= Beginning of Section =
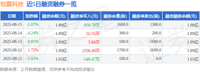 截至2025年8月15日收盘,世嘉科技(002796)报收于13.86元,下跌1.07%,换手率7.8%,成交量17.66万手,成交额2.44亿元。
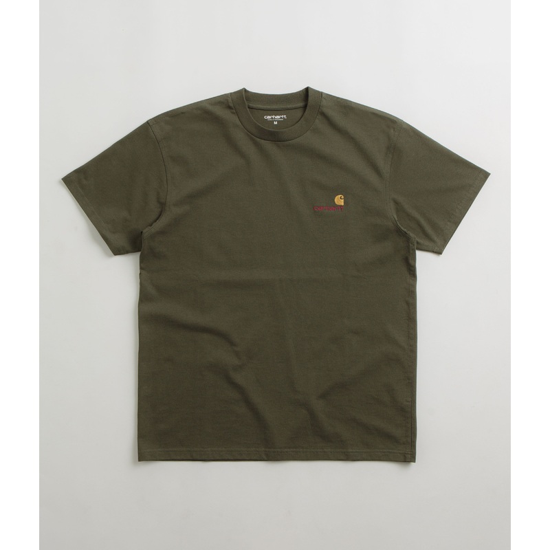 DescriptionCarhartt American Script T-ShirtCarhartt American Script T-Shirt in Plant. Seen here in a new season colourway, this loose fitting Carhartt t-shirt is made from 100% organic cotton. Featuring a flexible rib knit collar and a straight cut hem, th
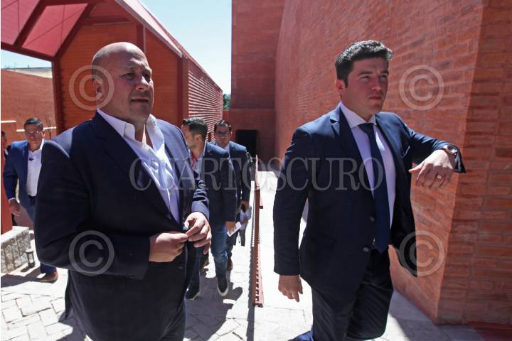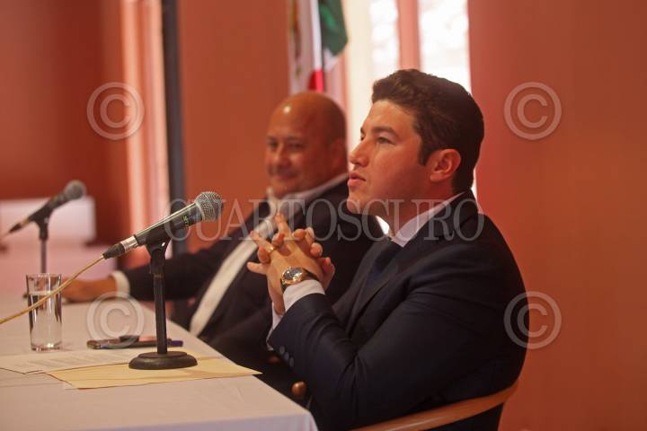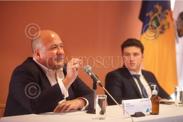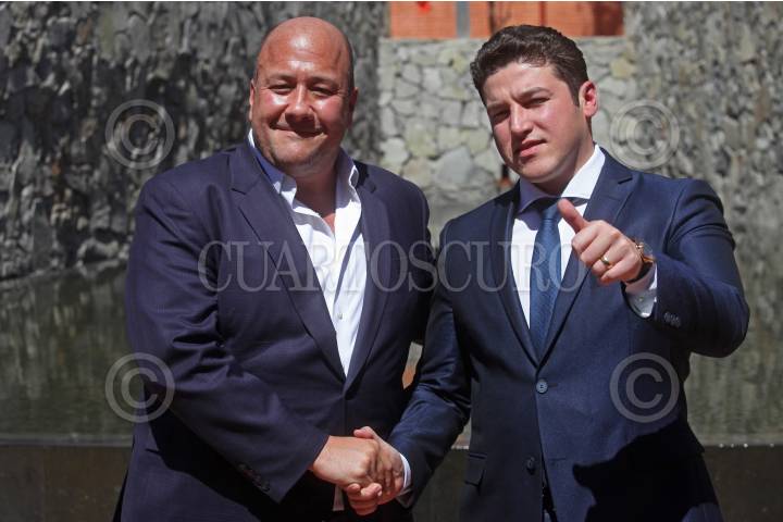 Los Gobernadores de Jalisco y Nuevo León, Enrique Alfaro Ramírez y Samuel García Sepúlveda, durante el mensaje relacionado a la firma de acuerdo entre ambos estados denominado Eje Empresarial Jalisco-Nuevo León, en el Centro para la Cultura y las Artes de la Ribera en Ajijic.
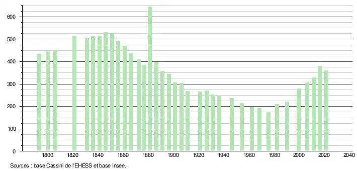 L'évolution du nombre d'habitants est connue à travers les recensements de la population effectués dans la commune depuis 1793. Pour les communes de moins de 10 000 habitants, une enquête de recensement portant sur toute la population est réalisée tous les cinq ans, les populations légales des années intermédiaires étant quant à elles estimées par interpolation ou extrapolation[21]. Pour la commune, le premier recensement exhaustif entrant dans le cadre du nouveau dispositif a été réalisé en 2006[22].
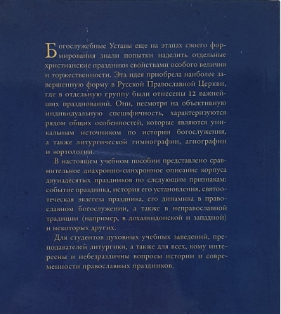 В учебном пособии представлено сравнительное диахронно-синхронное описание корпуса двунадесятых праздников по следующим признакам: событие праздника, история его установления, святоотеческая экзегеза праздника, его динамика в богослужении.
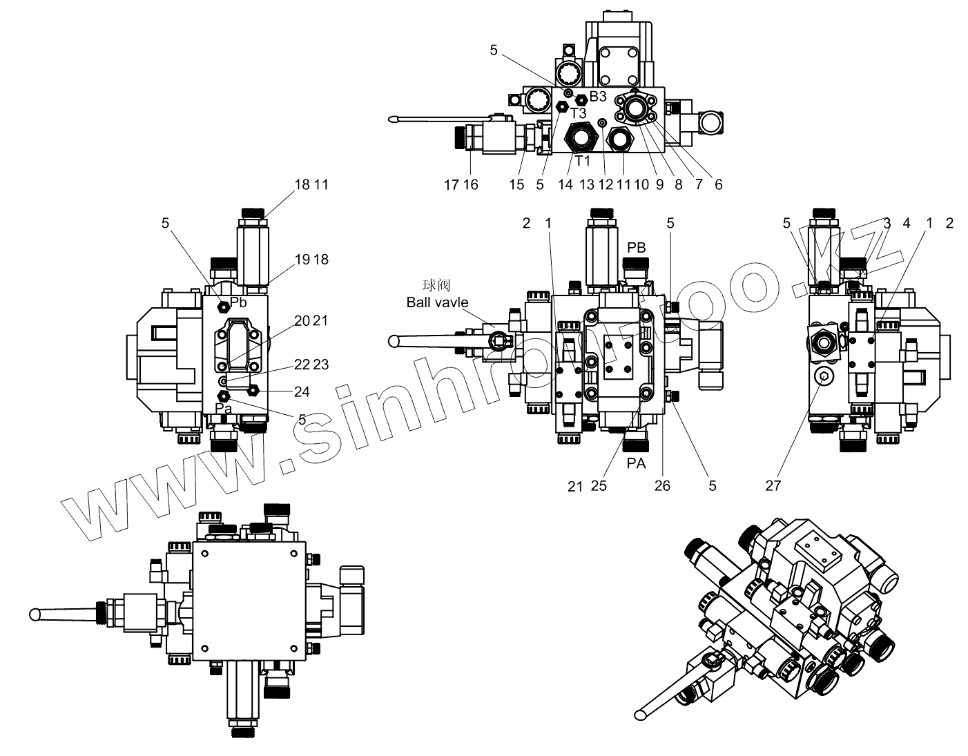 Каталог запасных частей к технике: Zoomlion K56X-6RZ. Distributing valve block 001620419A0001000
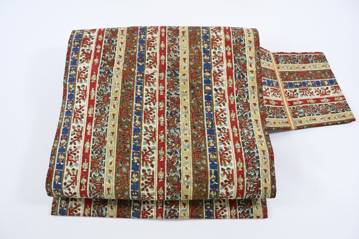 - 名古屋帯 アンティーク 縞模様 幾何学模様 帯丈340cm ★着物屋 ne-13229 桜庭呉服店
= End of Section =
**WHAT THE TASK REQUIRES**.
Every entry above needs to be duplicated exactly, without its images.

**EXERCISE OUTPUT**.
 截至2025年8月15日收盘,世嘉科技(002796)报收于13.86元,下跌1.07%,换手率7.8%,成交量17.66万手,成交额2.44亿元。
 DescriptionCarhartt American Script T-ShirtCarhartt American Script T-Shirt in Plant. Seen here in a new season colourway, this loose fitting Carhartt t-shirt is made from 100% organic cotton. Featuring a flexible rib knit collar and a straight cut hem, th
 Los Gobernadores de Jalisco y Nuevo León, Enrique Alfaro Ramírez y Samuel García Sepúlveda, durante el mensaje relacionado a la firma de acuerdo entre ambos estados denominado Eje Empresarial Jalisco-Nuevo León, en el Centro para la Cultura y las Artes de la Ribera en Ajijic.
 L'évolution du nombre d'habitants est connue à travers les recensements de la population effectués dans la commune depuis 1793. Pour les communes de moins de 10 000 habitants, une enquête de recensement portant sur toute la population est réalisée tous les cinq ans, les populations légales des années intermédiaires étant quant à elles estimées par interpolation ou extrapolation[21]. Pour la commune, le premier recensement exhaustif entrant dans le cadre du nouveau dispositif a été réalisé en 2006[22].
 В учебном пособии представлено сравнительное диахронно-синхронное описание корпуса двунадесятых праздников по следующим признакам: событие праздника, история его установления, святоотеческая экзегеза праздника, его динамика в богослужении.
 Каталог запасных частей к технике: Zoomlion K56X-6RZ. Distributing valve block 001620419A0001000
 - 名古屋帯 アンティーク 縞模様 幾何学模様 帯丈340cm ★着物屋 ne-13229 桜庭呉服店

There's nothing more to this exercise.